Nowadays CI or Conitnous Integration is being implemented in almost all IT companies. Many of the DevOps work’s are in related to the CI. The common scenario is, Developers push the codes to the GIT/SVN repo and triggers jenkins to perform tests and sometimes packaging, and if it’s a fuly automated system the new changes are deployed to the staging. And the QA team takes over the testing part. But when you are in small team, all these has to be achieved with the minimal team. So before the new change is completely pushed to staging, i decided to have a simple testing of all the components quickly. I read about blogs where many DevOps engineers spins up new instances like a full replica of their entire architecture and performs the new code deployment and load test on this new cluster and if all the components are behaving properly with the new code change, it’s then further deployed to Staging for next level of full scale QA.
Though the above step seems to be interesting, i didn’t want to waste up resources by spinnig up a new set of instances each time. Being a hardcore Docker fan, i decided to replace the instance lauch iwth Docker containers. So instead of launching ne instances, Jenkins will launch new Docker containers with SDN(Software Defined Network). Below is simple architecture diagram of my new design.
So the work flow goes like this,
1) Developers pushes the new code changes along with the new Tag to the corresponding Repositories.
2) Github webhook then triggers jenkins to start the Build jobs.

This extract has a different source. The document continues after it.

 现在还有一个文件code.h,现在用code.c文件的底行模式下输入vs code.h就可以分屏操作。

3) Jenkins performs the build and if the build succeeds, jenkins triggers Debian pacakging for the application.
4) Once the packaging is completed, Jenkins will trigger Docker image creation for the corresponding application using the newly build packages.

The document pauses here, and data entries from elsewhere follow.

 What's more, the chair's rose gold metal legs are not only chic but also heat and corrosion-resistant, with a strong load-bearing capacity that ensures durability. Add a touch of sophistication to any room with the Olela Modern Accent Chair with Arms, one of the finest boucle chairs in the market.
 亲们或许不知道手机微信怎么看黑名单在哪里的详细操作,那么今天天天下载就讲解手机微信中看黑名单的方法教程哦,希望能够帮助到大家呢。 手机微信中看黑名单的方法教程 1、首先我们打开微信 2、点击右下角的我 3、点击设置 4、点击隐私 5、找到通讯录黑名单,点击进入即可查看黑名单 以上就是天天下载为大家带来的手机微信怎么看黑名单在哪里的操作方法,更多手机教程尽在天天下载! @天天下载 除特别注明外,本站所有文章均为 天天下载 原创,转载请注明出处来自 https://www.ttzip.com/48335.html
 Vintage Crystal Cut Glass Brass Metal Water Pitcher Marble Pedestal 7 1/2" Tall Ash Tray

5) Once the image build is completed, Jenkins uses Docker Compose to build our Virtual clusters which is an exact replica of our Prod/Staging.

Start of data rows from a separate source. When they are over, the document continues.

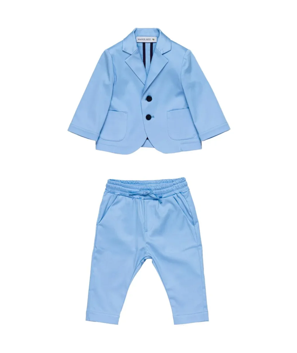 Completo cerimonia neonato, composto da due pezzi. Giacca con bottoni in contrasto, pantalone con coulisse in vita e tasche laterali. Color cielo
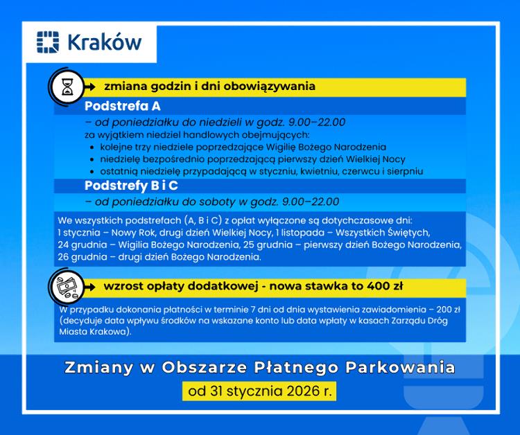 Wzrośnie wysokość opłaty dodatkowej – nowa stawka wyniesie 400 zł. W przypadku uregulowania należności w terminie 7 dni od dnia wystawienia zawiadomienia opłata zostanie obniżona do 200 zł. Co ważne, decydująca nie jest tu data nadania przelewu, a data wpływu środków na wskazane konto lub data wpłaty w kasach Zarządu Dróg Miasta Krakowa.
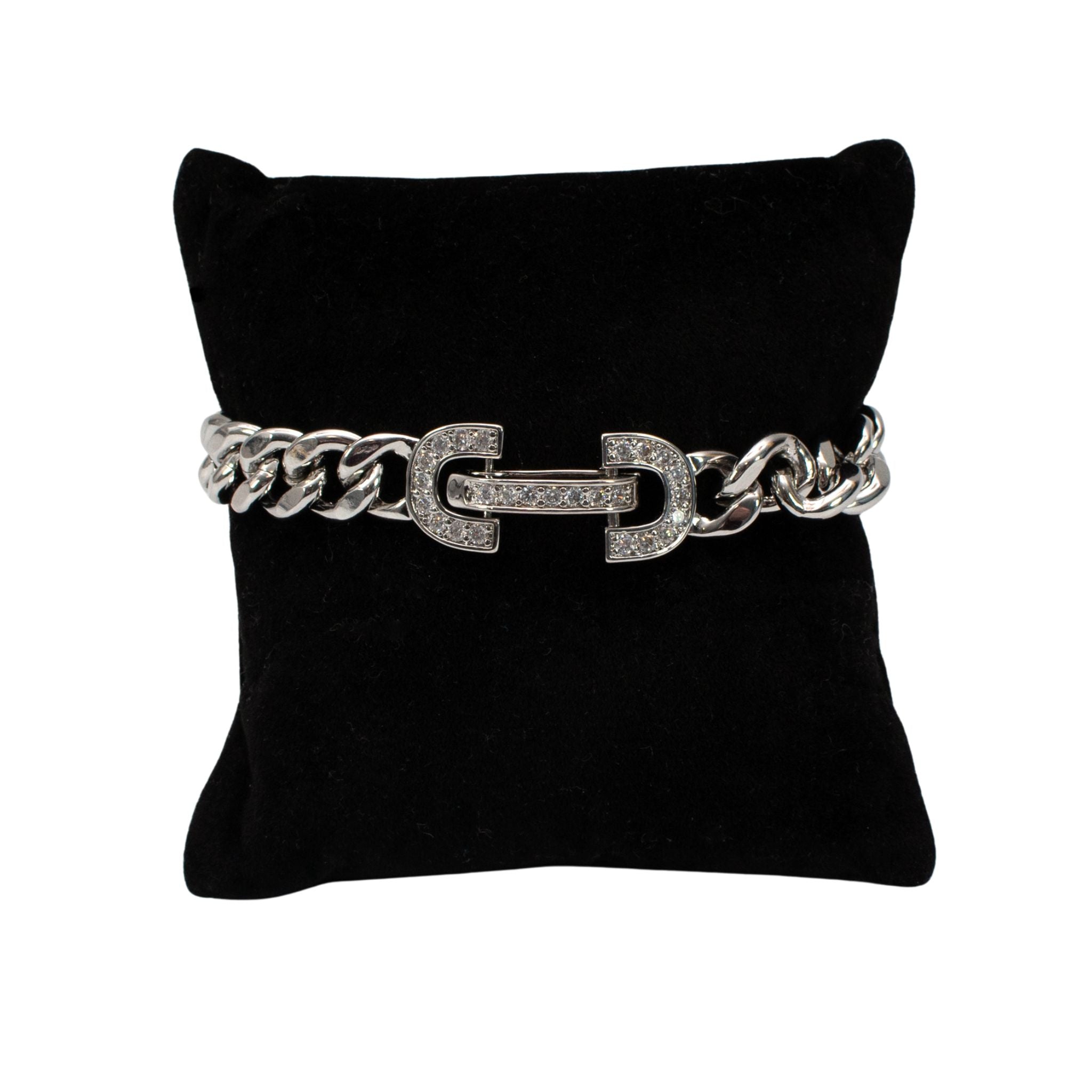 This bracelet is an eye catcher! This gorgeous bracelet is simple and elegant. Perfect for dressing up or with a t-shirt and jeans. The clasp is incredible with all of the cubic zirconia stones. Wear it with the beautiful matching necklace to complete the look. Incredible quality and design completes this Lux Couture Jewellery Collection bracelet.

6) Once the cluster is up, we perform automated testing of all our components and makes sure that the components are behaving normally with the new code changes.
Now once the test results are normal, we can initiate the code deployment to staging and can start the full scale QA.
By using Docker, i was able to reduce the resource usage. All these containers are running on a Single M3.Medium box. Sice i’m concentrating more on the components working part and not on the load test side, with this smaller box i was able to achieve my results properly.
A bit about
docker-compose. I’m using
docker-compose for managing the docker cluster. Compose is a tool for defining and running complex applications with Docker. With Compose, we can define a multi-container application in a single file, then spin our applications up in a single command which does everything that needs to be done to get it running. Below is my docker-compose yml file content.
web: image: web:latest links: - redis ports: - "8080:80" environment: - ENV1 - ENV2 redis: image: my_redis:latest ports: - "172.16.16.17:6379:6379" backend: image: my_backend:latest net: "host"
From the initial test results, i was very much satisfied. Now i’m planning to extend this setup to next level including a fully automated load test.